- Data to process -
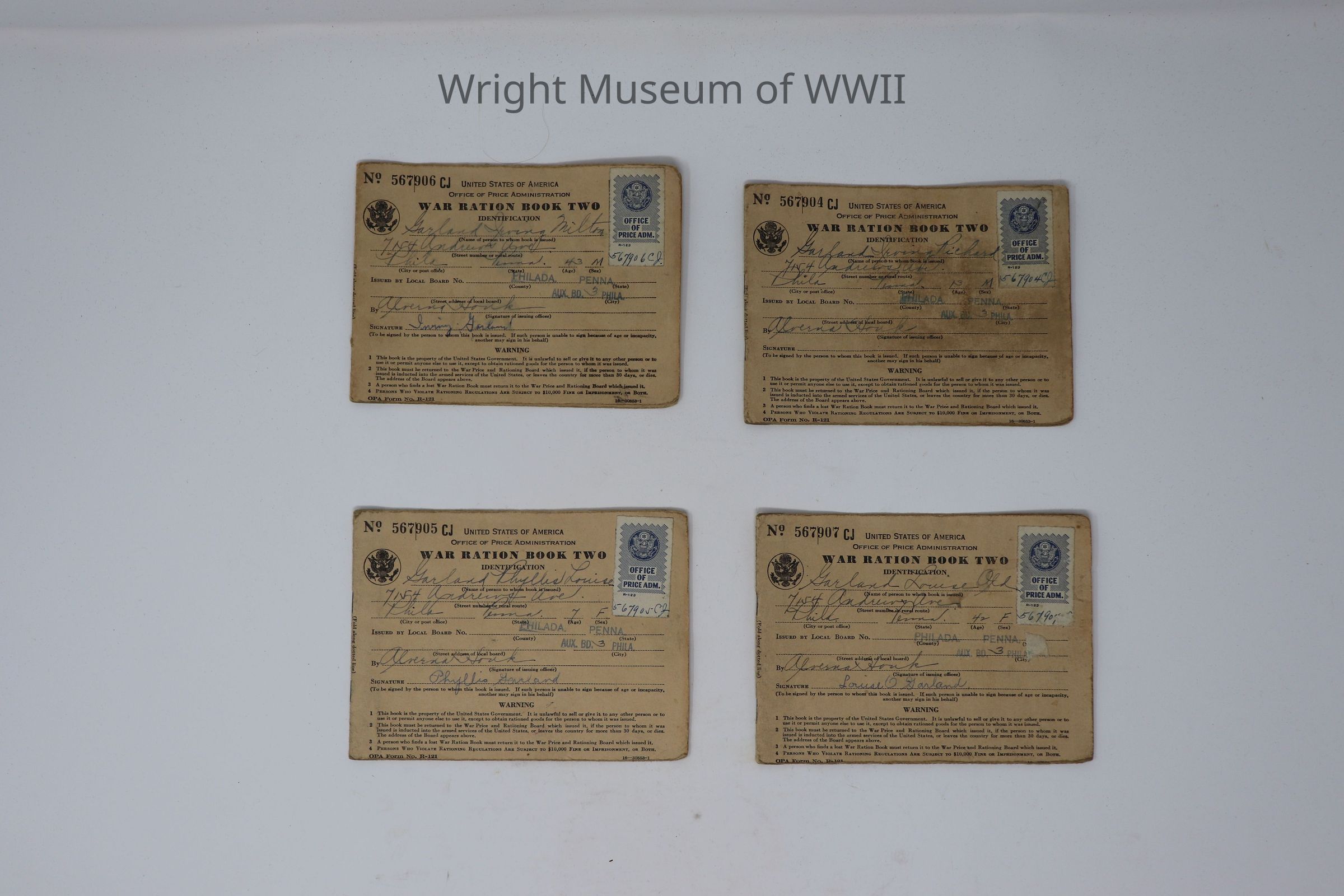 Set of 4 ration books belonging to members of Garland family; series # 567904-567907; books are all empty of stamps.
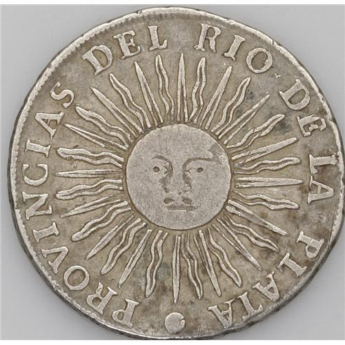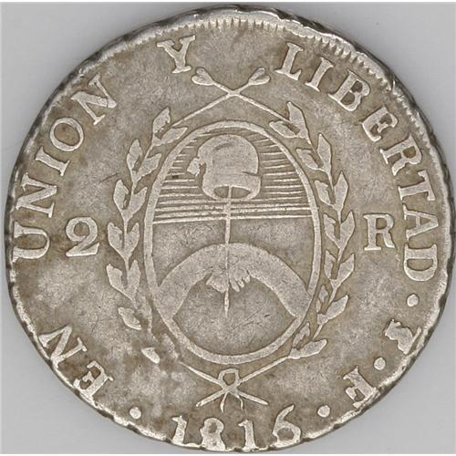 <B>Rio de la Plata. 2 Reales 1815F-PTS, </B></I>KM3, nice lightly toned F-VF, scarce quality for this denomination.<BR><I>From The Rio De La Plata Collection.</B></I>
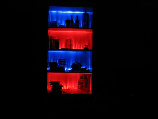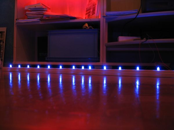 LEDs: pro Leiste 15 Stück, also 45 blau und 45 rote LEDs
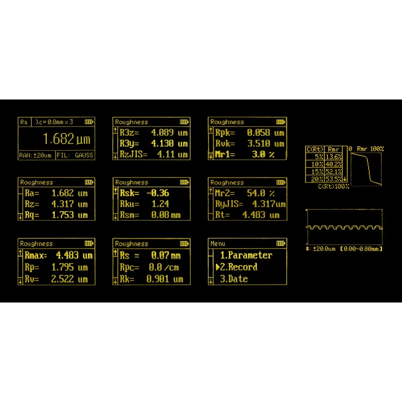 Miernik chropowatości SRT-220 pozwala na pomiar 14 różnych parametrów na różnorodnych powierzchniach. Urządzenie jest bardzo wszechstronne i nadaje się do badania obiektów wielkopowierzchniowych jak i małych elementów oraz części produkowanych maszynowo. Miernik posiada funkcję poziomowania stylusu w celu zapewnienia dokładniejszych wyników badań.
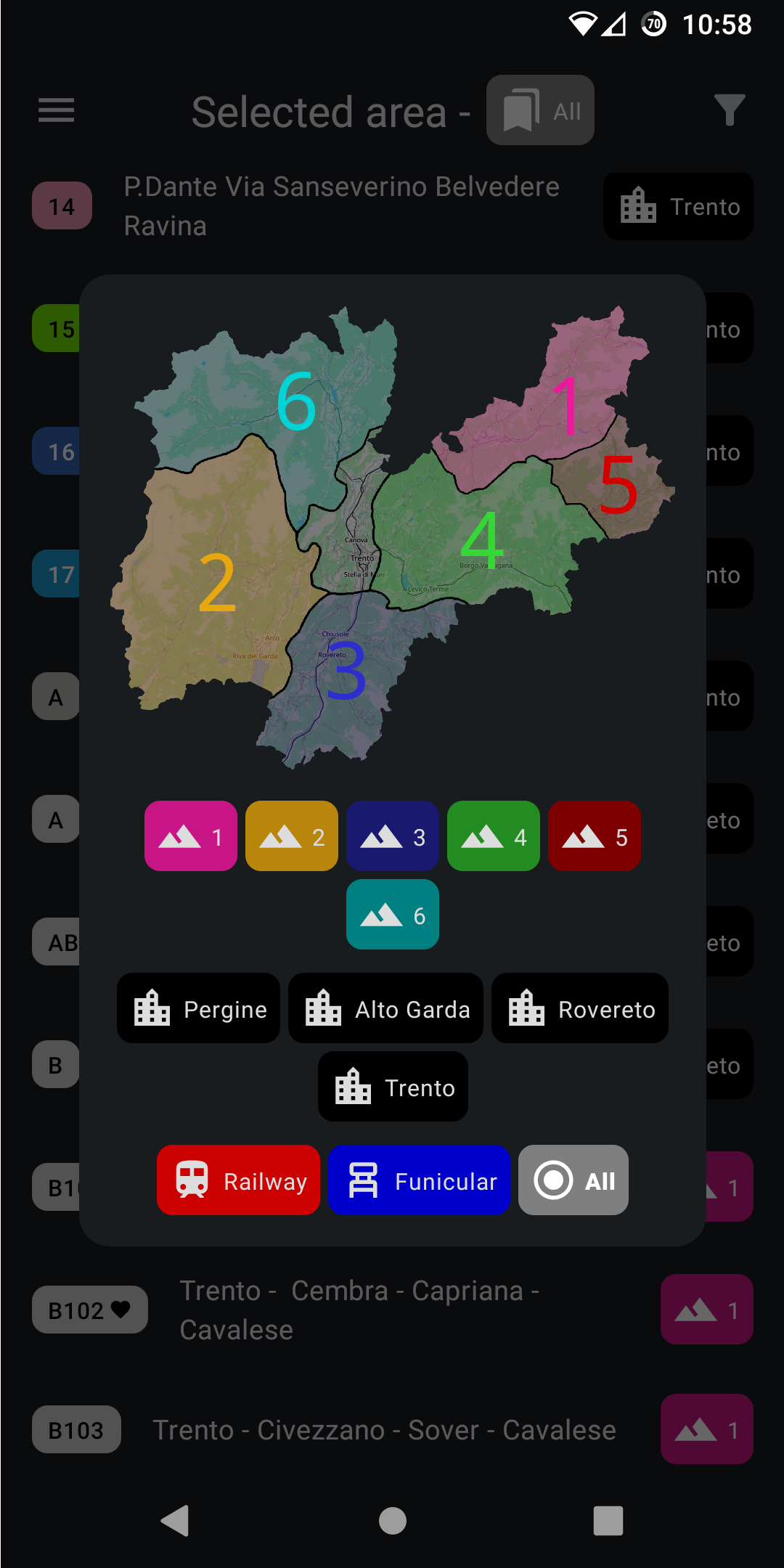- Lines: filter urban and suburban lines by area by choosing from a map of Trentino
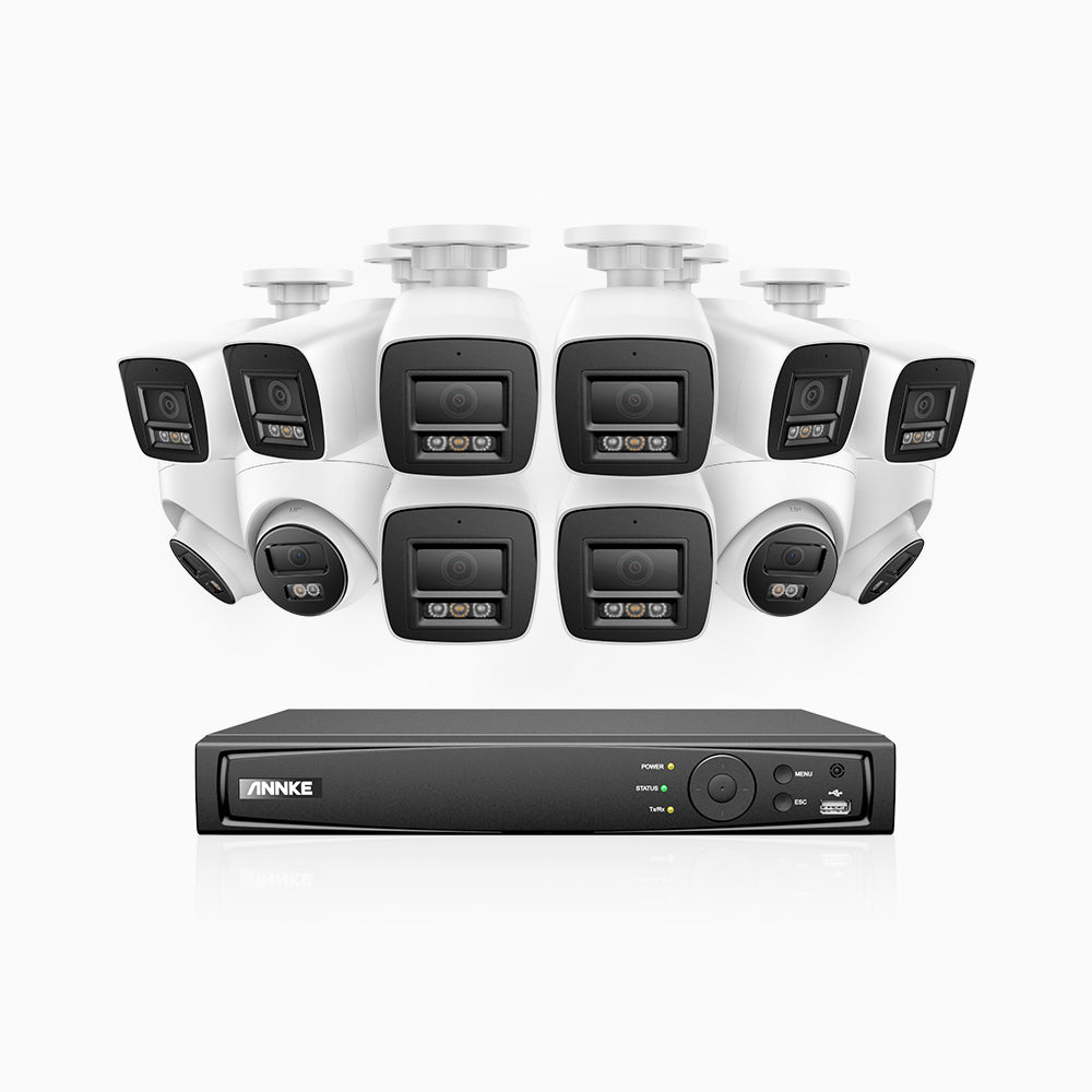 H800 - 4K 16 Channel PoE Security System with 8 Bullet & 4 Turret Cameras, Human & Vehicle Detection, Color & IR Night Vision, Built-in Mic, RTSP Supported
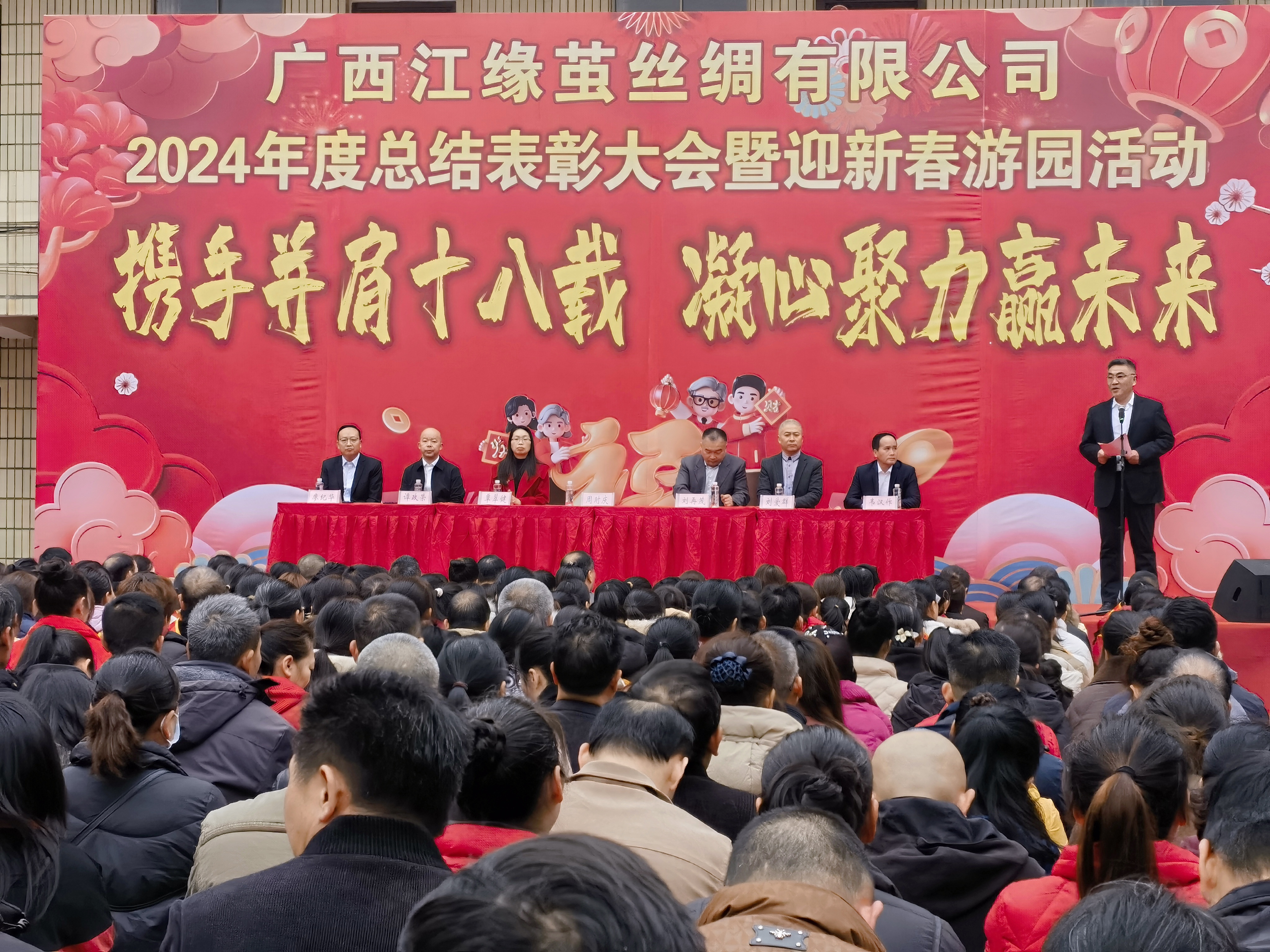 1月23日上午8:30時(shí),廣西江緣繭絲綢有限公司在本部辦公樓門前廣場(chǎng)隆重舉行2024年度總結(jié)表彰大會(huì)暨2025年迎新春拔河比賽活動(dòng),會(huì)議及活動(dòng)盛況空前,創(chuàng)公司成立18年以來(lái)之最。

- What you have to do -
From the line with "H800 - 4K 16" down to the final line of the entries above, repeat each line exactly; omit the pictures.

- Written answer -
 H800 - 4K 16 Channel PoE Security System with 8 Bullet & 4 Turret Cameras, Human & Vehicle Detection, Color & IR Night Vision, Built-in Mic, RTSP Supported
 1月23日上午8:30時(shí),廣西江緣繭絲綢有限公司在本部辦公樓門前廣場(chǎng)隆重舉行2024年度總結(jié)表彰大會(huì)暨2025年迎新春拔河比賽活動(dòng),會(huì)議及活動(dòng)盛況空前,創(chuàng)公司成立18年以來(lái)之最。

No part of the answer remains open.